Digitaler Nachlass in der Schweiz: Was passiert mit Ihren Daten nach dem Tod?
E-Mail-Konten, Social-Media-Profile, Cloud-Speicher, Online-Banking, Abonnements — unser digitales Leben umfasst heute Dutzende, manchmal Hunderte von Konten. Doch was geschieht mit all diesen Daten, wenn ein Mensch stirbt? In der Schweiz ist der digitale Nachlass ein Thema, das viele Menschen zu spät bedenken. Dieser Ratgeber zeigt Ihnen, welche rechtlichen Grundlagen gelten, wie Sie vorsorgen können und was Hinterbliebene konkret tun können.

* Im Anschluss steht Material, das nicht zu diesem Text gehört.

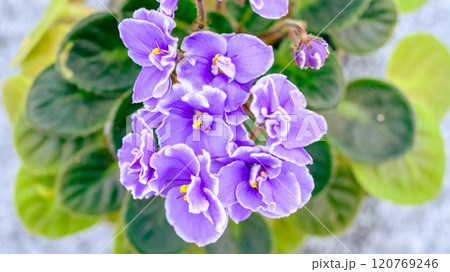 聖保羅的鮮花種植在別緻的花盆裡,淺紫色,內部
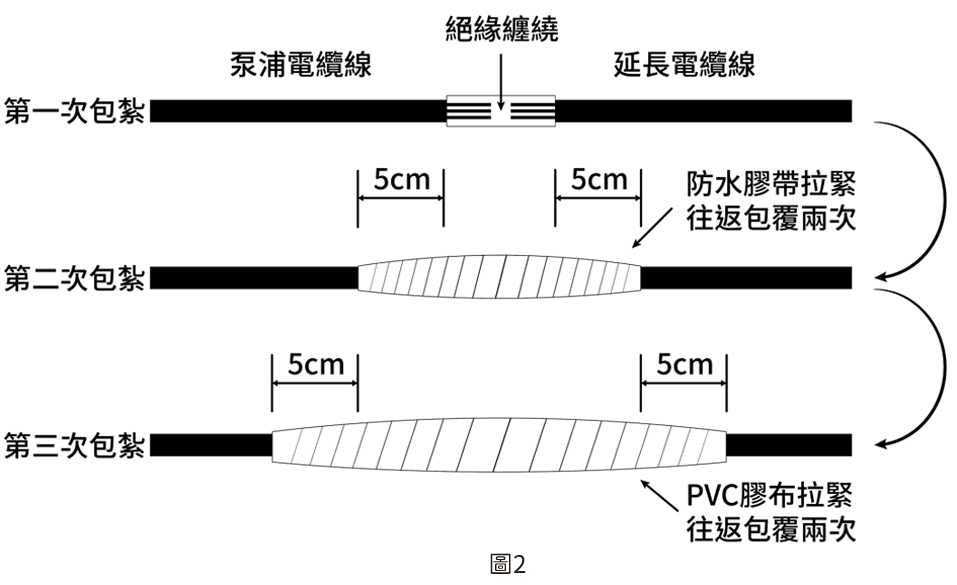 2. 防止馬達及電纜線遭受外部因素破壞其絕緣性能,沉水泵浦電纜線若必須使用中途接續時,應將接續及絕緣包紮良好 (圖2)。遵守【電纜線不纏繞、不破損、不裸露】三大原則,定時巡檢設備,當電纜線出現龜裂 (圖3) 狀況,建議送修更換。

Was gehört zum digitalen Nachlass?
Der digitale Nachlass umfasst alle digitalen Vermögenswerte und Daten einer verstorbenen Person. Dazu gehören unter anderem:
- E-Mail-Konten (Gmail, Outlook, ProtonMail usw.)
- Social-Media-Profile (Facebook, Instagram, LinkedIn, X/Twitter)
- Cloud-Speicher (Google Drive, iCloud, Dropbox)
- Online-Banking und Kryptowallets
- Abonnements und Verträge (Streaming-Dienste, SaaS-Tools, Mobilfunkverträge)
- Einträge bei Datenbrokern (Moneyhouse, search.ch, local.ch, Gelbe Seiten)
- Fotos, Videos und Dokumente auf lokalen und vernetzten Geräten
- Digitale Käufe (E-Books, Apps, Musik, Filme)
Gerade Einträge bei Datenbrokern werden häufig übersehen. Diese Daten bleiben oft jahrelang online — auch nach dem Tod.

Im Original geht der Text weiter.